Warning: This post contains spoilers for “The Toll” episode of Ozark.
From the very beginning of his journey into the dark heart of the Ozarks, Ozark star/executive producer/director Jason Bateman approached the 10-episode crime drama as an extension of his feature film career rather than a return to episodic television. And he stuck to his guns right up until the final moments of the feature-length season finale, which brings the saga of Marty Byrd — the hapless financial advisor who dragged his family from their home in Chicago to the backwoods of Missouri to pay a debt to a drug cartel — to a full-stop conclusion.
“I didn’t want an obnoxious open ending,” Bateman tells Yahoo TV about the last scene of “The Toll.” Written by showrunner Chris Mundy, the episode concludes with Marty, having temporarily resolved the imminent dangers confronting him, sharing a tender reunion with his kids, Charlotte (Sofia Hublitz) and Jonah (Skylar Gaertner), while his long-suffering wife, Wendy (Laura Linney), regards him with equal parts love and uncertainty. “It always pisses me off when people are so presumptuous as to leave something dangling in the attempt to force the studio’s hand,” Bateman explains. “I wanted to make sure we treated this as a 10-chapter film and left it all on the table.”
It’s also no accident that the ending of the season finale visually echoes the ending of the season premiere, which also closes with Marty and Wendy trading conflicted glances. Those were the moments where Bateman says he was most dazzled by his co-star, both as a director and a fellow actor. “What anybody learns from working with Laura is that less is always more. You work with her, and it’s this great masterclass in how you can get things done without doing any ‘acting.’ That long lens close-up of her [at the end of the finale] where she’s looking at Marty and going through a range of emotions — Laura did all of that in about five or six seconds and then drops that one tear out of one eye. There could have been more obvious cliffhanger-y ways to go to black on the last episode, but I really commend Chris and his staff for ending it in such an elegant and restrained way.”

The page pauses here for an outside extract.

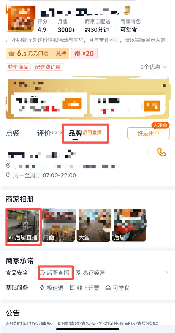 1.在店铺首页寻找“明厨亮灶”“后厨直播”等相关图标。
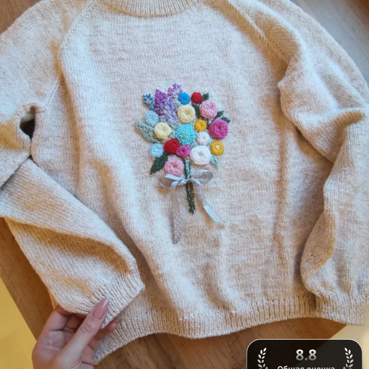 На фото вы видите стильный и нежный свитер, выполненный в спокойном светло-бежевом цвете. Особенностью изделия является чудесная вышивка в виде букета цветов на передней стороне, которая добавляет изделию уникальности и яркости. Это сочетание вязания и вышивки создает впечатление тепла и уюта, идеально подходящее для обновления повседневного гардероба.

That said, Bateman is the first to point out that there are ways to continue the story should Netflix decide to send them back to work for what he pointedly calls a “sequel” rather than a “second season.” (UPDATE: Netflix announced a renewal on Aug. 15.) For starters, even though lethal drug cartel enforcer Del (Esai Morales) has been lethally dispatched by Ozark crime kingpins Jacob and Darlene Snell (Peter Mullan and Lisa Emery), that couple is still very much a force to be reckoned with. Their close-quarters execution of Del is one of the finale’s most shocking moments, especially since it occurs immediately on the heels of Marty appearing to broker a lucrative peace treaty.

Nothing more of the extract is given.